Через полгода к Хиндсу на прием попала молодая пара, которая утверждала, что умирает без отпуска. Как оказалось, дома и на работе им было плохо — болело горло, возникала слабость, воспалялись глаза — а в отпуске на море становилось гораздо лучше. Дома у них болел даже попугай, поэтому они брали его с собой. Бедная птица в суровом Лондоне отказывалась от еды и питья, а попав на пляж весело орала и радовалась жизни. Хиндс осмотрел дом молодых и ожидаемо обнаружил зеленые обои. Молодым людям посоветовали их снять и вернуться к трудовой карьере. Таких случаев становилось всё больше и больше. Но всё ещё ничего не происходило.

Деньги против науки.

В производство мышьяка было втянуто огромное количество самых разных промышленных компаний. Конечно люди знали, что он ядовитый. Но в Китае его 3000 лет использовали как традиционное лекарство. А в США бледность при анемии от яда вообще «продавали». Выпускались специальные таблетки с мышьяком, обещавшие избавить любую даму от веснушек и прыщей. Конечно, если лицо будет белым как мел, веснушки не исчезнут, но ведь и заметны станут гораздо меньше.
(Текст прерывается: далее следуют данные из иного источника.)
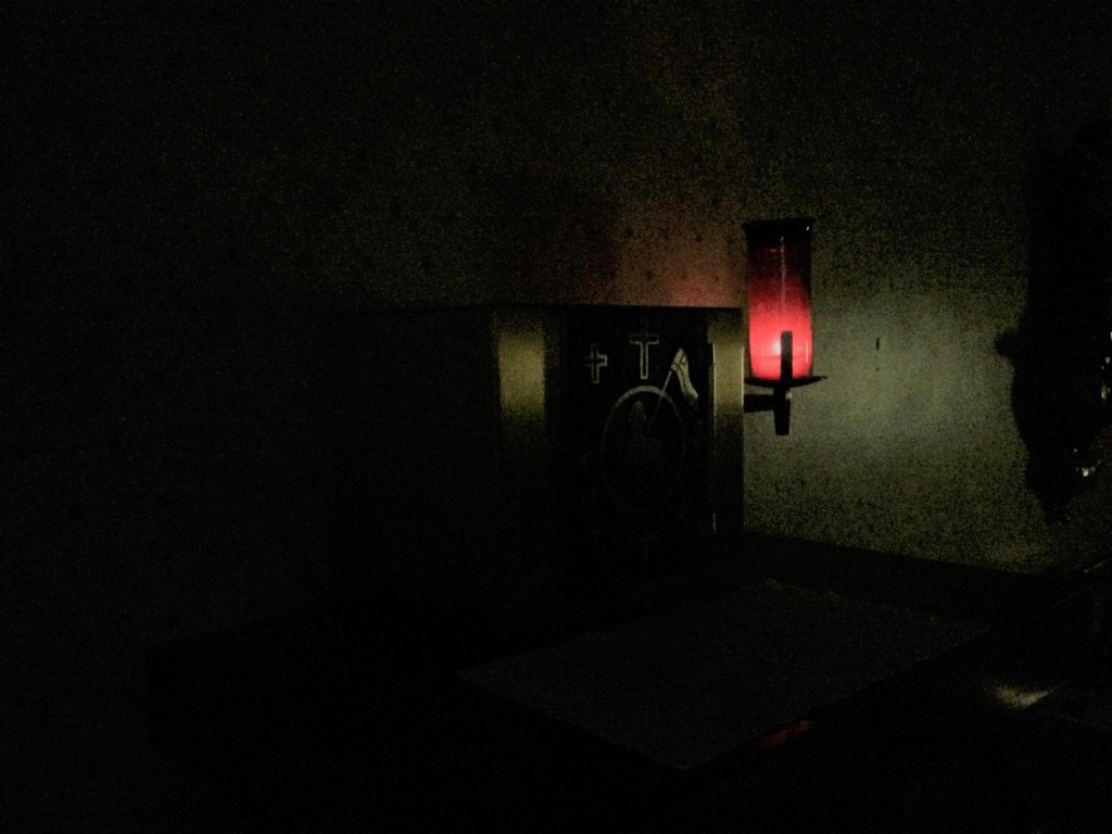 Photo: tabernacle and sanctuary lamp in the chapel at Cardinal Newman High School, before the dawn. I am looking forward to returning to waking the dawn at CN soon!!!

Американские таблетки и реклама в газетах:

Примерно с 1840-х годов в Англии в ходу была пудра со свинцом, уксусом и мышьяком. Тоже неплохо отбеливала в краткосрочной перспективе. В долгосрочной — выпадение зубов, волос, анемия, отказ органов. Наличие мышьяка в свободной продаже как лекарства, красителя, средства от мышей, субстанции с сотней применений иногда вызывало и трагедии. Так, в Брэдфорде в 1858 году местный кондитер Уильям Хардакер при попытке подделать мятные леденцы решил добавить туда гипс вместо сахара, и отправил своего подмастерье в аптеку к Чарльзу Ходжонсу. Но тот болел, и вместо себя оставил такого же подмастерье. В итоге, вместо сахара в конфеты попал мышьяк. Обнаружилось это спустя почти сутки бурной торговли. 200 человек серьезно отравились, 21 человек умер.

Карикатура Джона Лича на описываемое событие, ноябрь 1858 г.:

Что же мы имеем? Мышьяк повсюду. Им красят не только одежду, обои, но и свечи, детские игрушки. Он в составе всех зелёных красок, из него делают пару модных косметических средств, его добыча поставлена на широкие промышленные рельсы. Но все знают, что мышьяк ядовит.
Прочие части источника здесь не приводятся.